Start of Supplied data

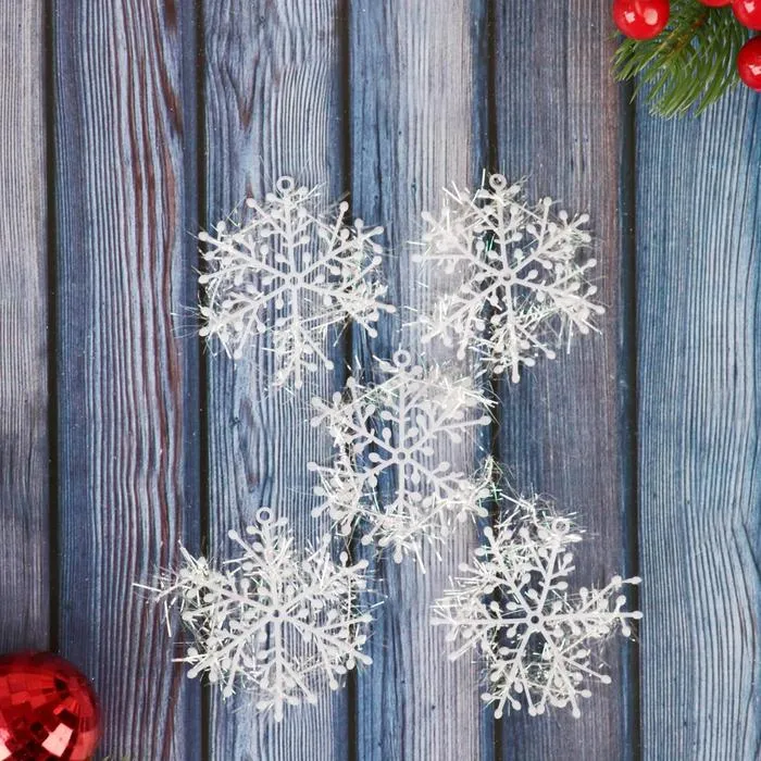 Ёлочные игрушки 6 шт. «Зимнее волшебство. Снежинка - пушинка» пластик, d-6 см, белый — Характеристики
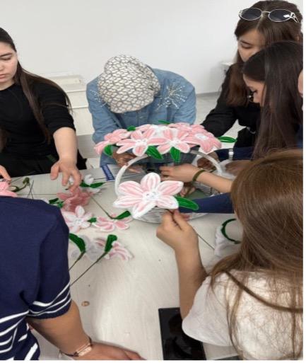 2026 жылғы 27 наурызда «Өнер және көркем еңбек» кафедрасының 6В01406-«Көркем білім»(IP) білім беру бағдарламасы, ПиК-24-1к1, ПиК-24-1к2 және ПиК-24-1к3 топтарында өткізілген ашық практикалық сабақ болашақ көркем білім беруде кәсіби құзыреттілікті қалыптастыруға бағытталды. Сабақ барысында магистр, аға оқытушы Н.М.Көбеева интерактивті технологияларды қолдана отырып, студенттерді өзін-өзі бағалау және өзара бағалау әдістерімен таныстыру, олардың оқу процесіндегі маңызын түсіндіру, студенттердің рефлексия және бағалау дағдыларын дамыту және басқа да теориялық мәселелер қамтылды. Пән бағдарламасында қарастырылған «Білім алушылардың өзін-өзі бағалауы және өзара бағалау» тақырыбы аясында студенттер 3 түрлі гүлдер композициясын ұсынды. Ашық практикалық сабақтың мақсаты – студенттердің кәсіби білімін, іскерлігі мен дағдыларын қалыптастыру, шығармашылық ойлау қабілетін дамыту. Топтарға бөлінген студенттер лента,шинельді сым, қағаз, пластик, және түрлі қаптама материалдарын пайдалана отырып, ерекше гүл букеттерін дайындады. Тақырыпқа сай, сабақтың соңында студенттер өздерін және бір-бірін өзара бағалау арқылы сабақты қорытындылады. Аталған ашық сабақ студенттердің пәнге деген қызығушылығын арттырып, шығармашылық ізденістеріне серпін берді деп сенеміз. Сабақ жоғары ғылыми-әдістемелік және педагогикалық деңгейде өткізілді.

End of Supplied data
Start of Supplied data

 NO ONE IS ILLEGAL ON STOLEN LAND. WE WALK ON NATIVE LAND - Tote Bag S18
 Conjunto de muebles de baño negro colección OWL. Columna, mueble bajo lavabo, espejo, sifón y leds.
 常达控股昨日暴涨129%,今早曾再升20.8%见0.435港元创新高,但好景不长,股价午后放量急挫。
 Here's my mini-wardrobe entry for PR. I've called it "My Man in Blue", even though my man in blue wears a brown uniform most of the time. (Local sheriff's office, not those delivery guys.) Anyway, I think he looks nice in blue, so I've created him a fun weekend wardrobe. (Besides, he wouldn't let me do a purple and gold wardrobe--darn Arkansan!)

End of Supplied data

Assignment = Above are the records; print exactly the lines from the line with "常达控股昨日暴涨129%,今" to the line with "Here's my mini-wardrobe", including both, and nothing else.

Answer area =
 常达控股昨日暴涨129%,今早曾再升20.8%见0.435港元创新高,但好景不长,股价午后放量急挫。
 Here's my mini-wardrobe entry for PR. I've called it "My Man in Blue", even though my man in blue wears a brown uniform most of the time. (Local sheriff's office, not those delivery guys.) Anyway, I think he looks nice in blue, so I've created him a fun weekend wardrobe. (Besides, he wouldn't let me do a purple and gold wardrobe--darn Arkansan!)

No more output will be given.